The audience included employees of Los Alamos National Laboratory, county officials and a state senator.

Bernice Gutierrez, born in Carrizozo a few days before the bomb detonated, was at a loss for words to express how important she felt it was for the people of Los Alamos to learn about the Downwinders.

“I think a lot of people were surprised,” she said after the first screening. “They don’t know the story.”

The Trinity Site was on a short list of possible test sites for the bomb. The others included two sites in California, one in Texas and one in Colorado. The flat, dry nature of the White Sands Missile Range won out because scientists initially thought that predictable winds would limit the spread of radiation.

That ultimately wasn’t the case, as New Mexico’s summer rainy season is often accompanied by unstable weather. Aside from shifting winds, the rain the following night likely meant that fresh precipitation found its way into stormwater collected by residents’ cisterns, according to a 2010 study by the Centers for Disease Control and Prevention. The CDC also found that another route of exposure involved dairy cows and goats, which residents depended on for their livelihoods.

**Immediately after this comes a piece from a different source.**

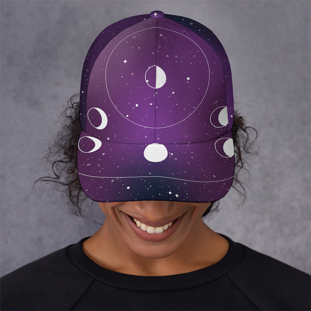 Top off your look with the stylish and functional Galaxy Moon Phase Print Baseball Cap. Designed for comfort and durability, this baseball cap is the perfect accessory for casual outings, outdoor activities, or simply elevating your everyday style. Its sleek design and practical features make it a wardrobe essential for anyone who values both form and function.

New models from a team of researchers led by Princeton University showed in 2023 that nuclear explosions conducted in New Mexico and Nevada between 1945 and 1962 resulted in widespread radioactive contamination. The team reported that the world’s first nuclear detonation contributed significantly to the contamination in New Mexico, eventually reaching 46 states as well as Canada and Mexico.

Cordova said the federal government did not warn the public before or after the detonation and downplayed it for decades because “we didn’t play a role, we were expendable.”

“There is no excuse for this,” she said.